● MATERIAL PROVIDED
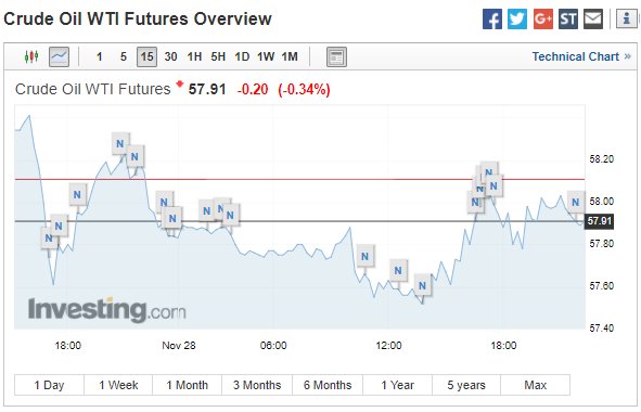 Με απώλειες 0,2% έκλεισε το πετρέλαιο, στα 57,99 δολ. ανά βαρέλι, εν όψει της συνεδρίασης του ΟΠΕΚ
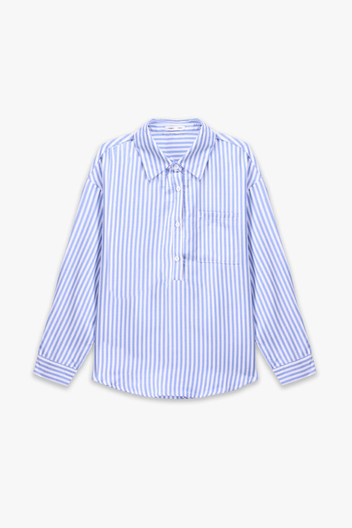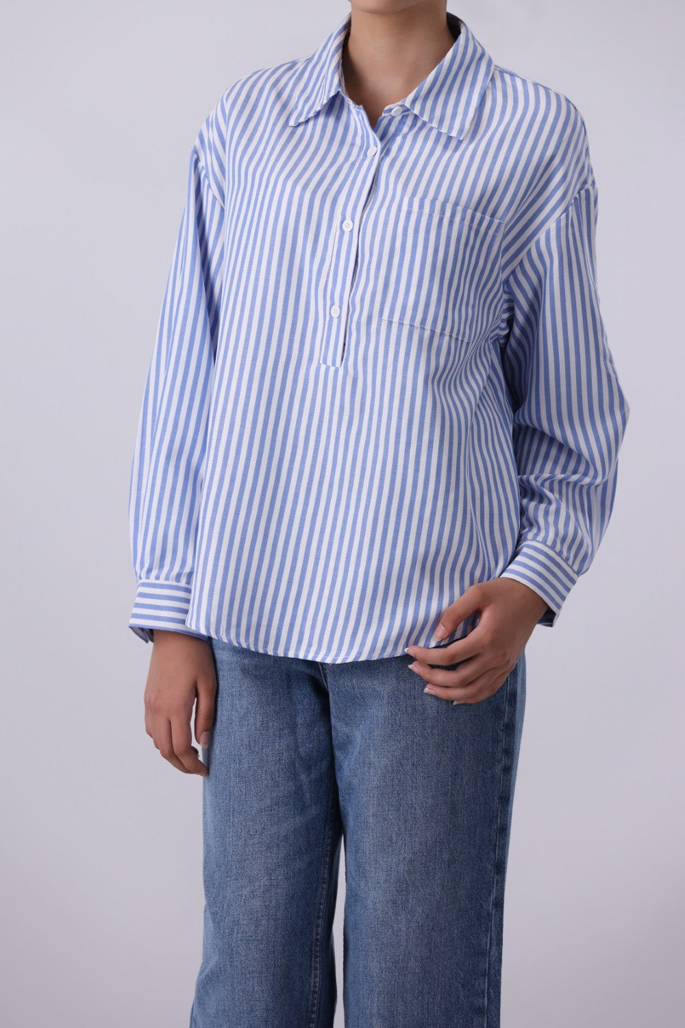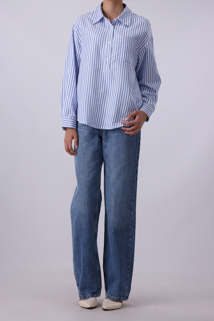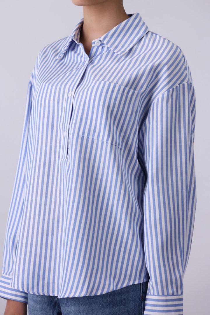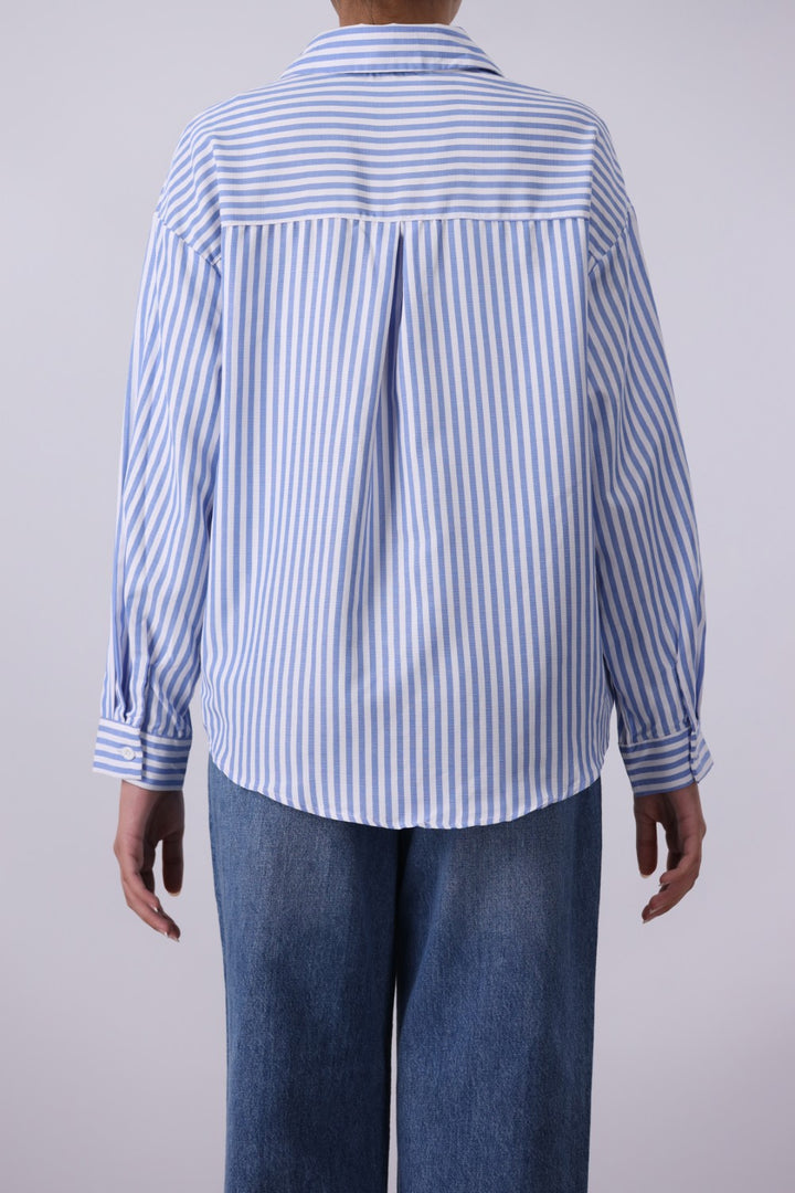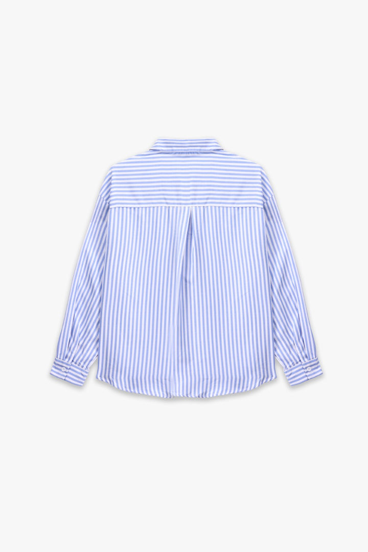 Striped Relaxed Fit Button-up Shirt With Long Cuffed Sleeves And Drop Shoulder
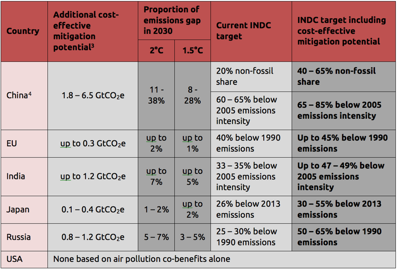 - Our result show that the emissions gap in 2030 between governments’ INDCs and the 2°C temperature goal, currently around 17 GtCO2e,could be closed by 4.6 – 7.8 GtCO2e or 27-46%, without imposing additional economic burdens on those undertaking the additional effort.
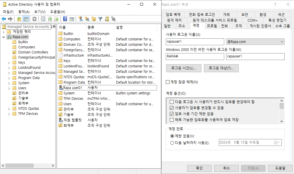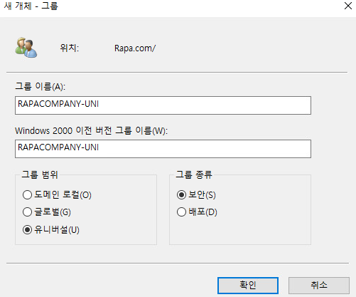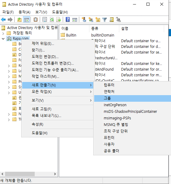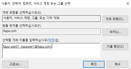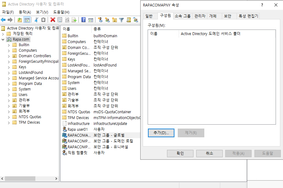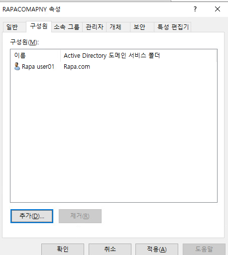 글로벌 도메인 그룹 더블클릭 - 구성원 - 추가 - 개체 이름칸에 rapauser01 적고 확인 - 확인
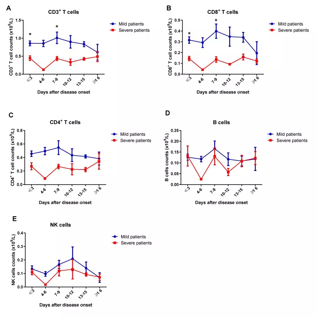 2. 與輕癥患者相比,重癥患者CD3+ T細胞、CD4+和CD8+T細胞亞群計數持續下降,而B(niǎo)細胞和NK細胞計數無(wú)顯著(zhù)性差異(下圖)。
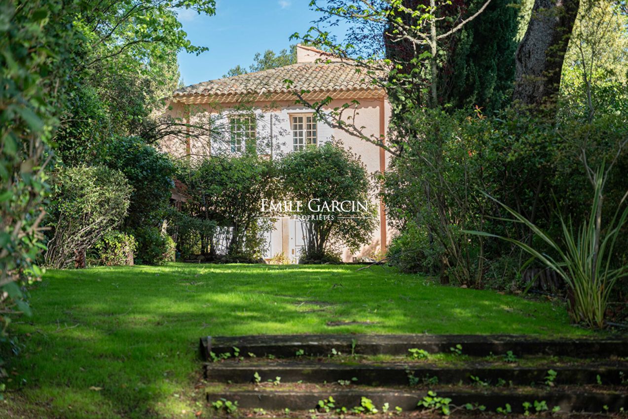 Nichée au coeur des collines aixoises, sur 1,4 hectare de nature préservée, cette demeure de caractère offre un cadre exceptionnel à seulement quelques minutes du centre-ville. Son architecture pleine de charme, son parc ombragé traversé par un cours d'eau et ponctué de fontaines, ainsi que ses terrasses aux ambiances variées avec vue sur la majestueuse Sainte-Victoire composent un art de vivre rare et privilégié. La maison principale d'environ 300 m² séduit par ses beaux volumes, sa belle hauteur sous plafond et sa luminosité généreuse. Elle propose de vastes espaces de réception, un bureau et cinq chambres confortables. Une maison de gardien indépendante comprend deux appartements d'environ 50 m² chacun, disposant chacun de leur espace extérieur. Une propriété d'exception, rare à cette distance du centre d'Aix-en-Provence.
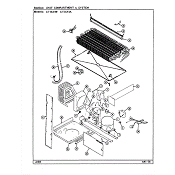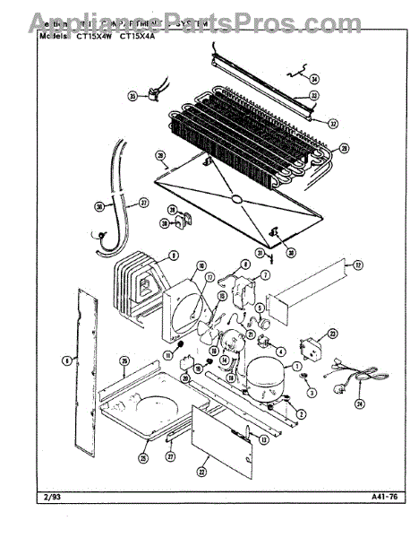 Plastic defrost pan. Evaporator pan hangs from side rails and rests on compressor.
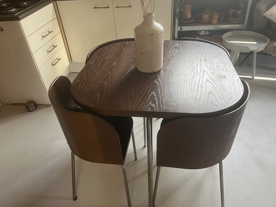 Fai un salto indietro nel tempo con questo affascinante set da pranzo vintage IKEA, perfetto per aggiungere un tocco retrò alla tua cucina o sala da pranzo. Le calde tonalità marroni del legno creano un'atmosfera accogliente, mentre le eleganti gambe in metallo aggiungono un tocco moderno.
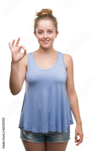 Young blonde woman smiling positive doing ok sign with hand and fingers. Successful expression.
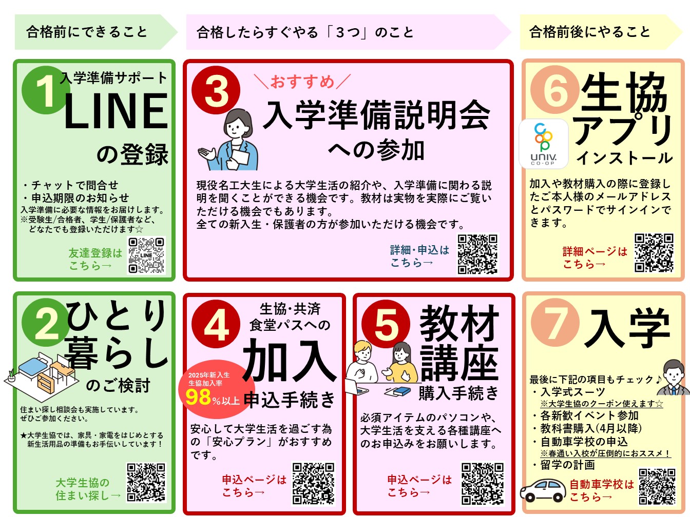 受験生のみなさんへお知らせです|お知らせ|受験生・新入生の方へのお知らせ 合格したらすぐやる「3つ」のことを確認しておこう! 入学準備カレンダーを確認! ①入学準備サポートLINEへの登録 ②ひとり暮らしの準備 ③入学準備説明会への参加
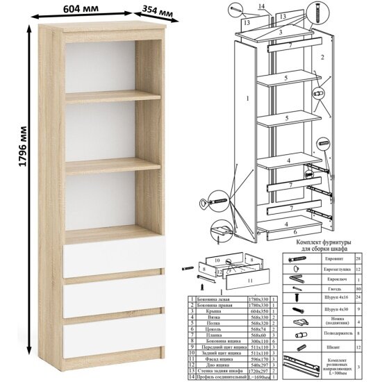 СохранитьСтеллаж Свк Мори МСТ600.3, цвет дуб сонома/белый, ШхГхВ 60,4х35,4х179,6 см. интересное:
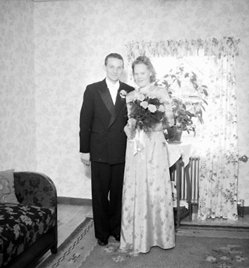 Rumsinteriör, bröllop, brudpar.
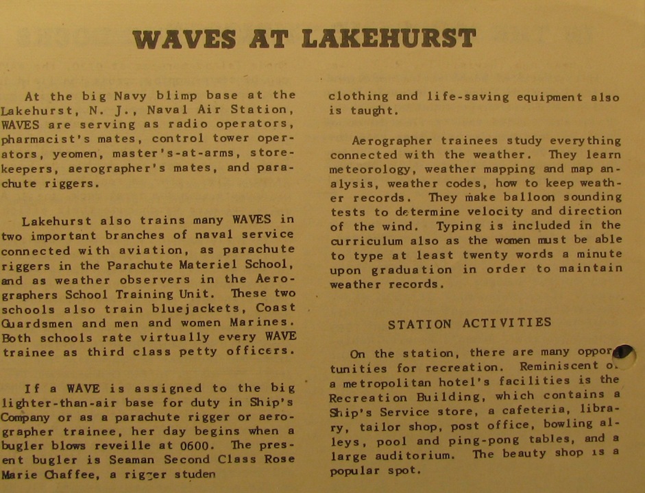 The December 1943 edition of the WAVES News Letter featured profiles of the different bases where the women might be stationed, included Naval Air Station Lakehurst. In Lakehurst, women worked in various aviation-related dutied, including parachute riggers, aerographers, radio operators, control tower operators and other jobs.
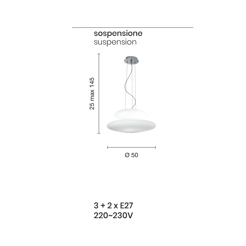 - diâmetro 50 x H 25 cm - H máx. 145 cm (3 + 2 x E27 220-230 V).
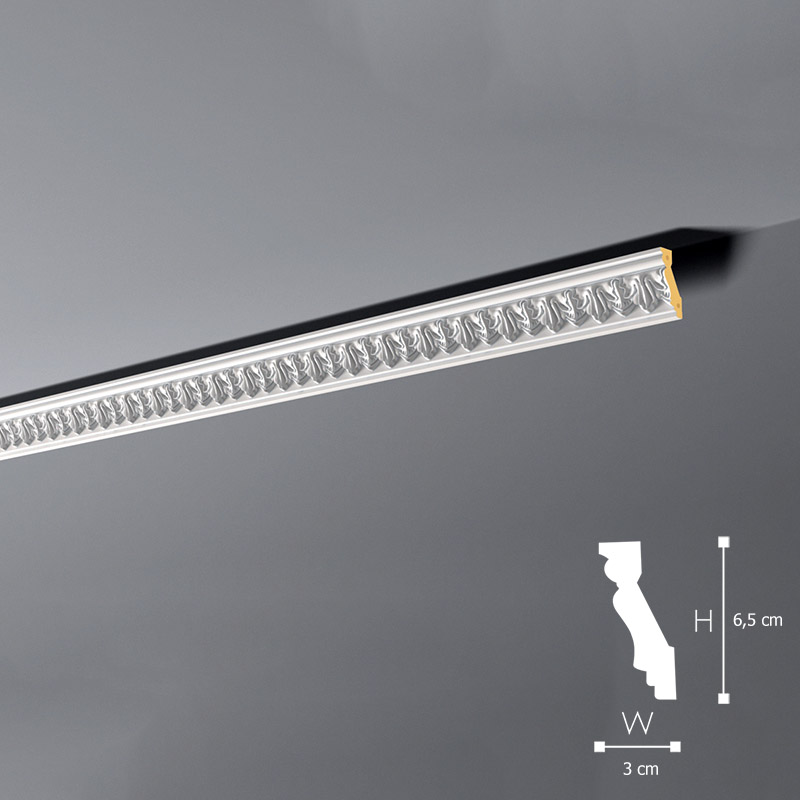 Listwa sufitowa 6,5cm Z8 NMC to bardzo popularny produkt u amatorów niebanalnych aranżacji wnętrz. Oferowana Wysokość 6,5cm to świetna opcja jeśli chodzi o nowoczesne aranżacje wnętrz. Już teraz wybierz Poliuretanowe listwy, których Szerokość to 3cm.
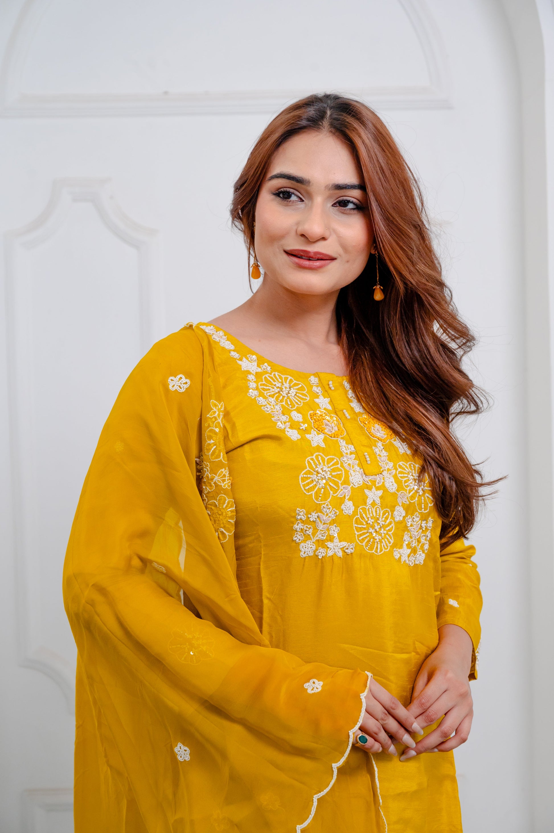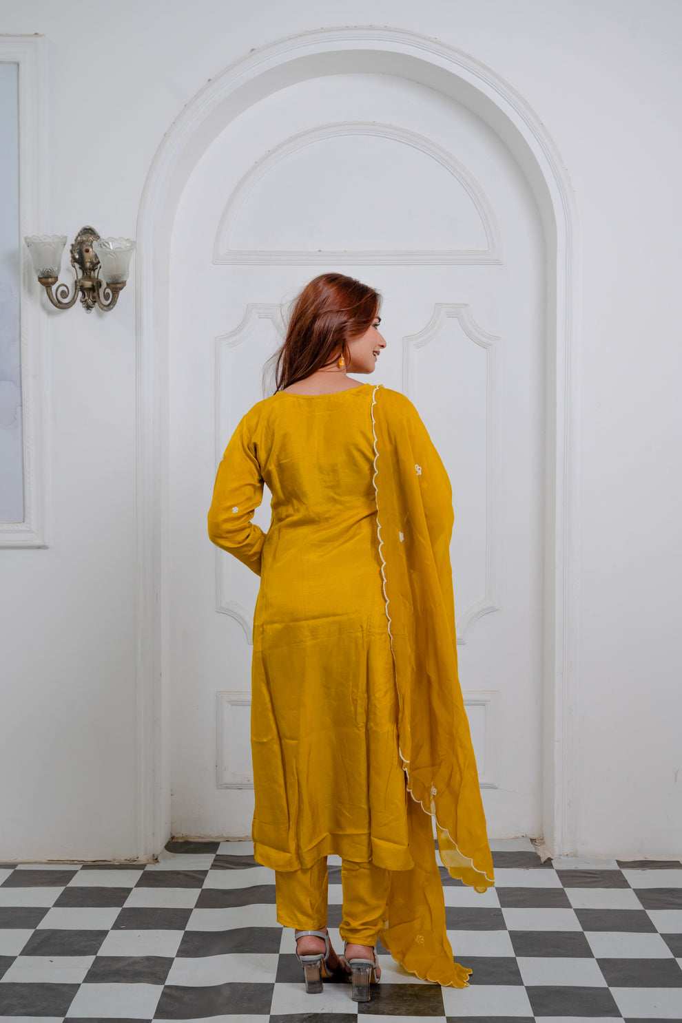 Mustard Yellow Dola Silk Suit Set with Organza Dupatta & Hand Embroidery

● EXERCISE
Give again the stretch of the entries above that begins at the line with "Nichée au coeur" and ends at the line with "- diâmetro 50", word for word, with no pictures.

● ANSWER TO THIS EXERCISE
 Nichée au coeur des collines aixoises, sur 1,4 hectare de nature préservée, cette demeure de caractère offre un cadre exceptionnel à seulement quelques minutes du centre-ville. Son architecture pleine de charme, son parc ombragé traversé par un cours d'eau et ponctué de fontaines, ainsi que ses terrasses aux ambiances variées avec vue sur la majestueuse Sainte-Victoire composent un art de vivre rare et privilégié. La maison principale d'environ 300 m² séduit par ses beaux volumes, sa belle hauteur sous plafond et sa luminosité généreuse. Elle propose de vastes espaces de réception, un bureau et cinq chambres confortables. Une maison de gardien indépendante comprend deux appartements d'environ 50 m² chacun, disposant chacun de leur espace extérieur. Une propriété d'exception, rare à cette distance du centre d'Aix-en-Provence.
 Plastic defrost pan. Evaporator pan hangs from side rails and rests on compressor.
 Fai un salto indietro nel tempo con questo affascinante set da pranzo vintage IKEA, perfetto per aggiungere un tocco retrò alla tua cucina o sala da pranzo. Le calde tonalità marroni del legno creano un'atmosfera accogliente, mentre le eleganti gambe in metallo aggiungono un tocco moderno.
 Young blonde woman smiling positive doing ok sign with hand and fingers. Successful expression.
 受験生のみなさんへお知らせです|お知らせ|受験生・新入生の方へのお知らせ 合格したらすぐやる「3つ」のことを確認しておこう! 入学準備カレンダーを確認! ①入学準備サポートLINEへの登録 ②ひとり暮らしの準備 ③入学準備説明会への参加
 СохранитьСтеллаж Свк Мори МСТ600.3, цвет дуб сонома/белый, ШхГхВ 60,4х35,4х179,6 см. интересное:
 Rumsinteriör, bröllop, brudpar.
 The December 1943 edition of the WAVES News Letter featured profiles of the different bases where the women might be stationed, included Naval Air Station Lakehurst. In Lakehurst, women worked in various aviation-related dutied, including parachute riggers, aerographers, radio operators, control tower operators and other jobs.
 - diâmetro 50 x H 25 cm - H máx. 145 cm (3 + 2 x E27 220-230 V).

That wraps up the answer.